# White ink printing problem? any suggestions?



## mcastens (Aug 19, 2007)

Hello everyone, Thanks for all the advice everyone gives its always a big help. I am working with a guy that has a eclipse DTG printer, he is sort of learning with my shirts, and we are having a big problem printing color on black. We have got the whole pretreat process down, spray - brush it -heat it. Then when we go to print, it seems that the white underbase is pooling causing the color to go on and then to bleed, or the color goes on and just looks a bit dull, we have tried less pretreat- more pretreat. Any suggestions would be great, im heading up to his place this weekend for some more test runs. Im not sure if maybe we should try to shoot the white on a pass and then send it back in for the color instead of let it do it all in one pass.

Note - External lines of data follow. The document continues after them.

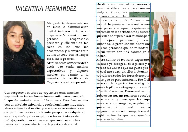 Me di la oportunidad de conocer a personas diferentes y hacer nuevos amigos. Ahora, no quiero sonar conveniente con la profesora, pero conocer a la profe Consuelo me recordó lo que es ser un maestro pues muy pocos son aquellos quienes se interesan en los estudiantes y buscan que ellos se superen a sí mismos para ser mejores personas y seres humanos. La profe Consuelo será una de esas personas que se recordarán en un futuro con una sonrisa en el rostro.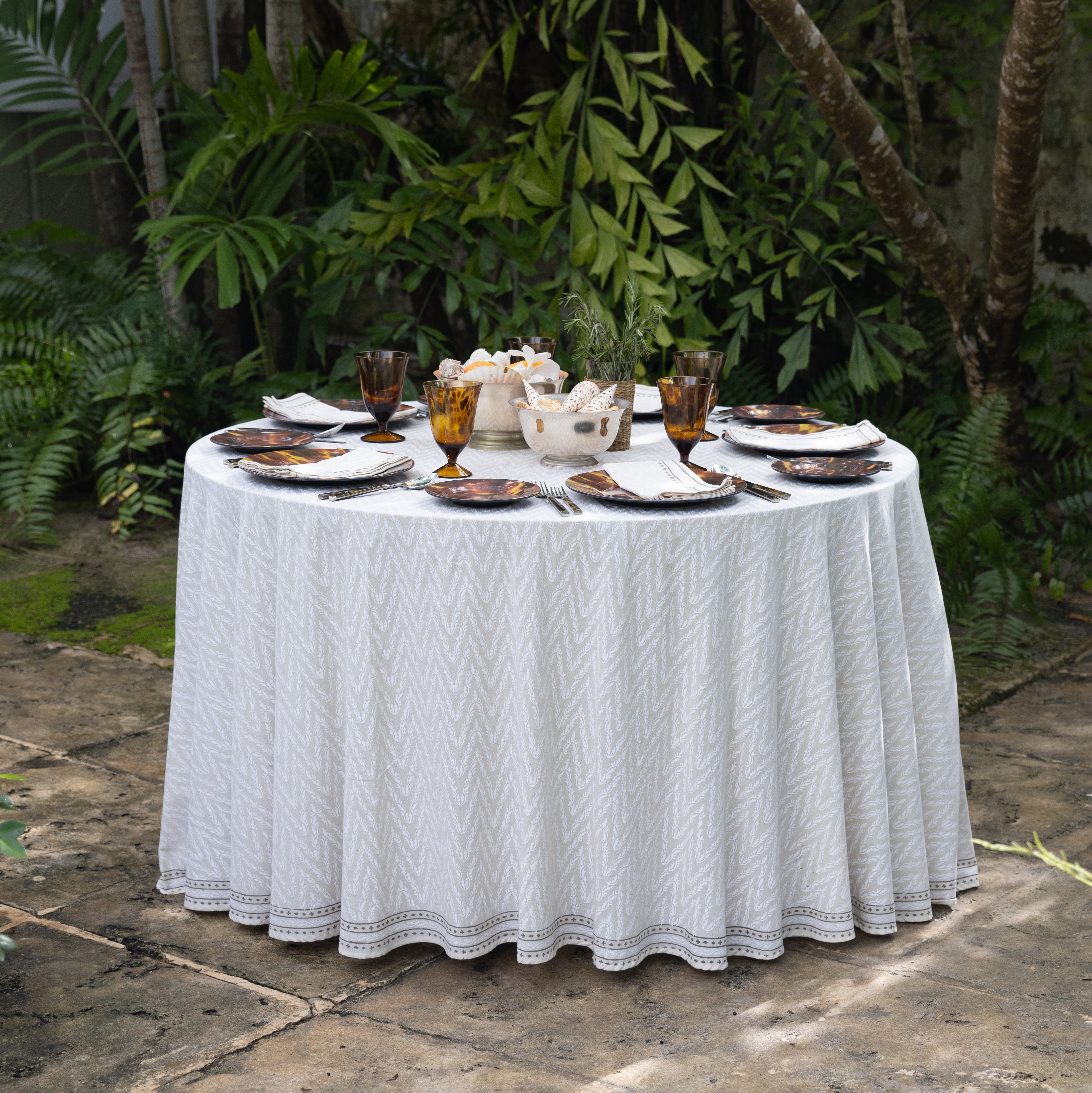 India Hicks Home Canasta Crewel White on White Tablecloth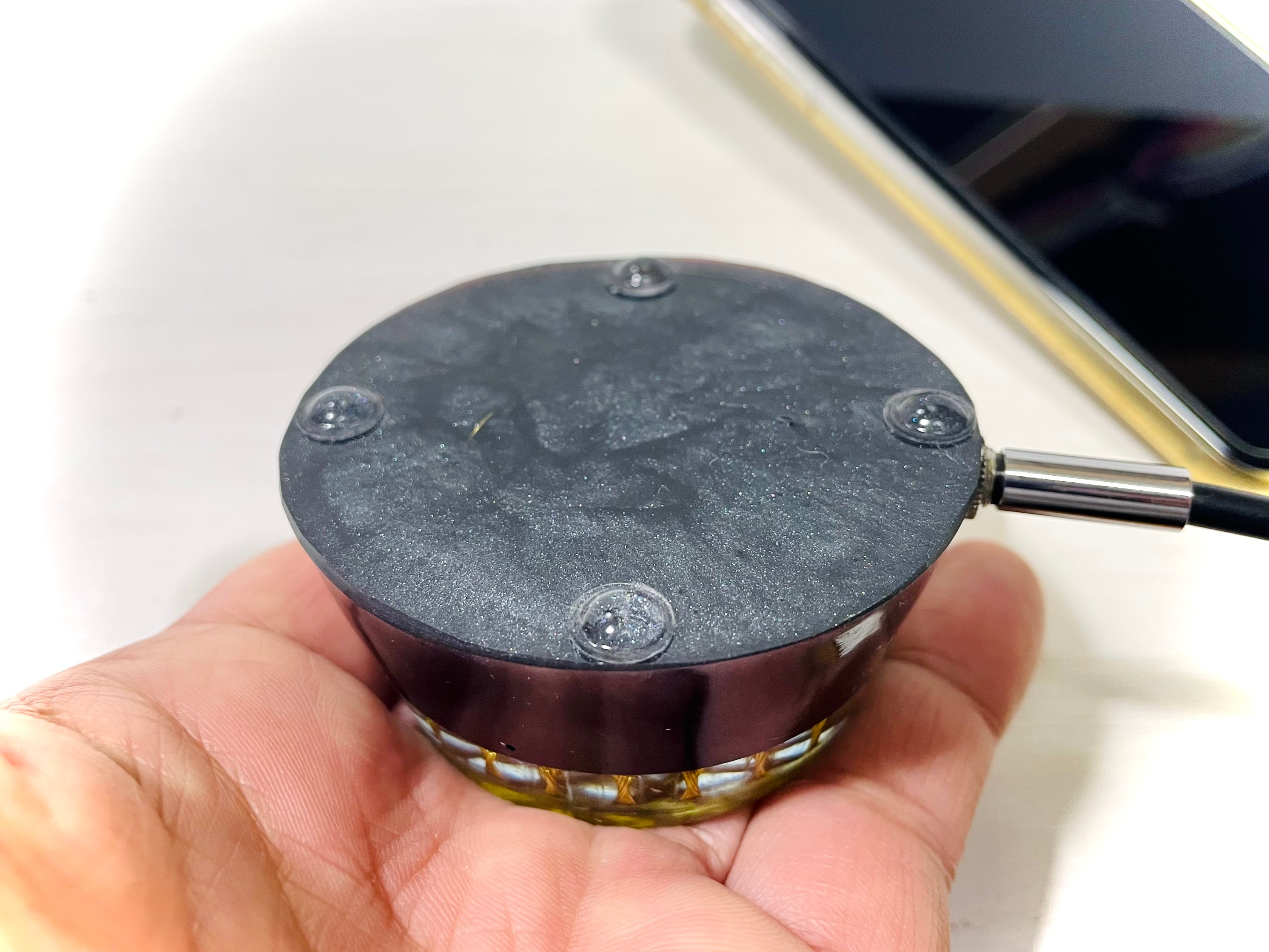 外部デバイス(スマホ)などと接続して、この中心から発生するVortexエネルギーを流すことにより、その特定の周波数の影響により、空気中の電子を整える、結果その場の氣が整うという考えで製作したものです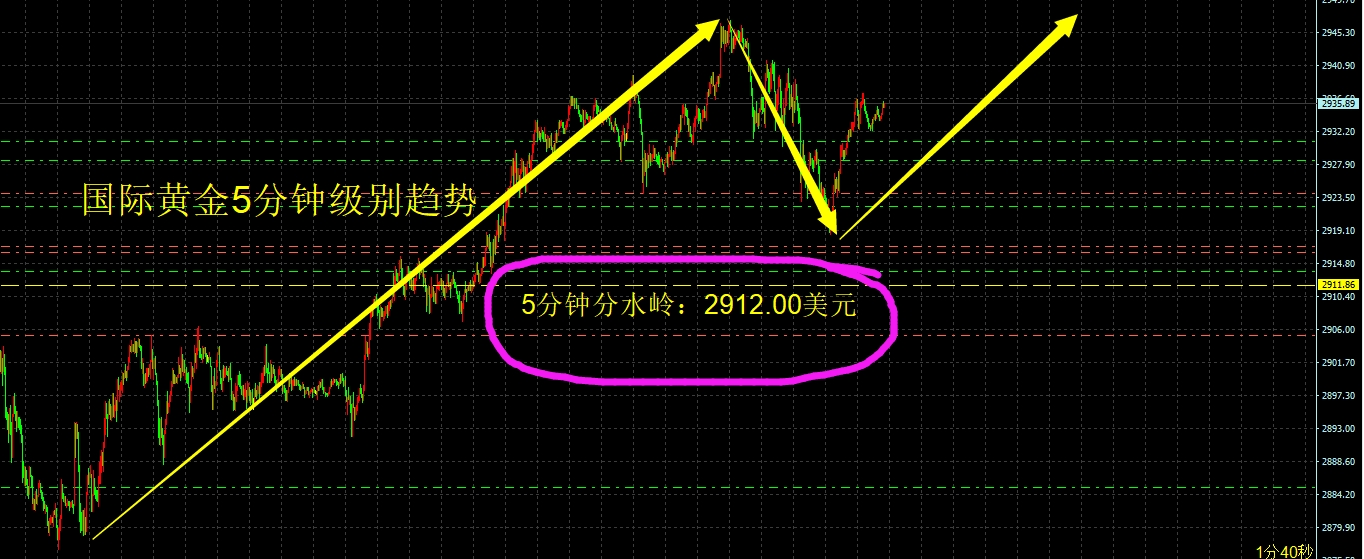 国际黄金昨天冲高回调,形成了5分钟级别上涨趋势的第2浪回踩动作,分水岭在2912

Any help is greatly appreciated. thanks


----------



## DAGuide (Oct 2, 2006)

I am not an eclipse owner and I have no clue what software you are using, but you might want to see if you can turn down the white underbase some. Although you want a good solid base, you don't want the white ink creating a pool like you described above. See if you can lower the resolution the underbase or pull back on the white channels if you have that capability. You should also check out the dtgforums.com to see if there are other eclipse users out there that can help you. Best wishes.

Mark


----------



## sunnydayz (Jun 22, 2007)

DAGuide said:


> I am not an eclipse owner and I have no clue what software you are using, but you might want to see if you can turn down the white underbase some. Although you want a good solid base, you don't want the white ink creating a pool like you described above. See if you can lower the resolution the underbase or pull back on the white channels if you have that capability. You should also check out the dtgforums.com to see if there are other eclipse users out there that can help you. Best wishes.
> 
> Mark


This was exactly my first thought also, I think the eclipse also used the rippro software? I would definately lessen the white you are laying down. I usually use medium density on my hm1 and it is the perfect amount for me. Also do you have the white highlight on? maybe take that off and see if that makes a difference. hope this helps.

Bobbie


----------



## mcastens (Aug 19, 2007)

thanks for the responses, im going to try out what you suggest this weekend and we can see what happens.


----------